Linda likes to change her hair color from time to time, and would be pleased if her boyfriend Archie would notice the difference between the previous and the new color. Archie always comments on Linda's hair color if and only if he notices a difference — so Linda always knows whether Archie has spotted the difference or not.

There is a new hair dye series in the market where all available colors are numbered by integers from $$$1$$$ to $$$N$$$ such that a smaller difference of the numerical values also means less visual difference.

Linda assumes that for these series there should be some critical color difference $$$C$$$ ($$$1 \le C \le N$$$) for which Archie will notice color difference between the current color $$$\mathrm{color}_{\mathrm{new}}$$$ and the previous color $$$\mathrm{color}_{\mathrm{prev}}$$$ if $$$\left|\mathrm{color}_{\mathrm{new}} - \mathrm{color}_{\mathrm{prev}}\right| \ge C$$$ and will not if $$$\left|\mathrm{color}_{\mathrm{new}} - \mathrm{color}_{\mathrm{prev}}\right| < C$$$.

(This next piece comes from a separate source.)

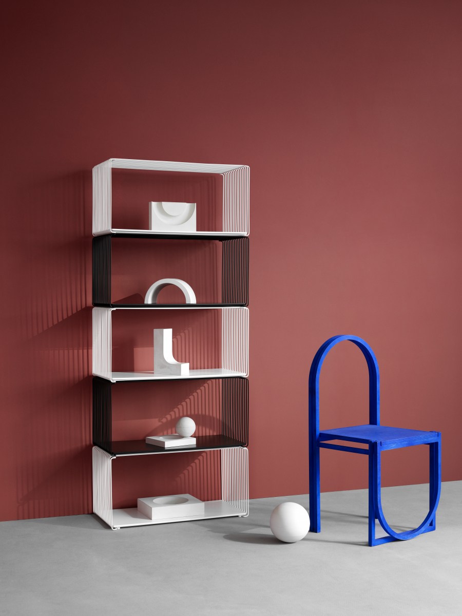 Designed by Verner Panton, the Pantone Wire modular shelving unit features a light industrial design and comes in two different depths in chrome or lacquer. It can be placed on the floor, hung or attached to the wall.

Now she has bought $$$N$$$ sets of hair dye from the new series — one for each of the colors from $$$1$$$ to $$$N$$$, and is ready to set up an experiment. Linda will change her hair color on a regular basis and will observe Archie's reaction — whether he will notice the color change or not. Since for the proper dye each set should be used completely, each hair color can be obtained no more than once.

Before the experiment, Linda was using a dye from a different series which is not compatible with the new one, so for the clearness of the experiment Archie's reaction to the first used color is meaningless.

Her aim is to find the precise value of $$$C$$$ in a limited number of dyes. Write a program which finds the value of $$$C$$$ by experimenting with the given $$$N$$$ colors and observing Archie's reactions to color changes.

This is an interactive task. In the beginning you are given a single integer $$$T$$$ ($$$1 \leq T \leq 100$$$), the number of cases in the test.

For each test case, the input first contains a single integer — the value of $$$N$$$ ($$$1 < N \le 10^{18}$$$). The value of $$$C$$$ is kept secret by the grading system.

Then your program should make queries writing output in the following format: "? $$$P$$$", where $$$P$$$ is an integer ($$$1 \le P \le N$$$) denoting the next color used. For each query the grading system gives an answer in the next line of the input. The answer is $$$1$$$ if Archie notices the color difference between the last two colors and $$$0$$$ otherwise. No two queries should have the same $$$P$$$ value.

When your program determines $$$C$$$, it should output its value in the following format: "= $$$C$$$". The grading system will not respond to this output and will proceed with the next test case.

Your program may use at most 64 queries "?" for each test case to find the correct value of $$$C$$$.

To establish proper communication between your program and the grading system, you should flush the output stream after each query.

Note that std::endl writes a newline and flushes the stream.

It is possible to receive an "Output isn't correct" outcome even after printing a correct answer, if task constraints were violated during the communication. Violating the communication protocol itself may result in an "Execution killed" outcome.

Submitting user tests requires specifying an input file with the testcase parameters. The format of the input file is "$$$T$$$" in the first line, and then "$$$N$$$ $$$C$$$" on a single line for each of the $$$T$$$ cases.

Subtasks:

1. (9 points) $$$N \le 64$$$
2. (13 points) $$$N \le 125$$$
3. (21 points) $$$N \le 1000$$$
4. (24 points) $$$N \le 10^9$$$
5. (33 points) No further constraints.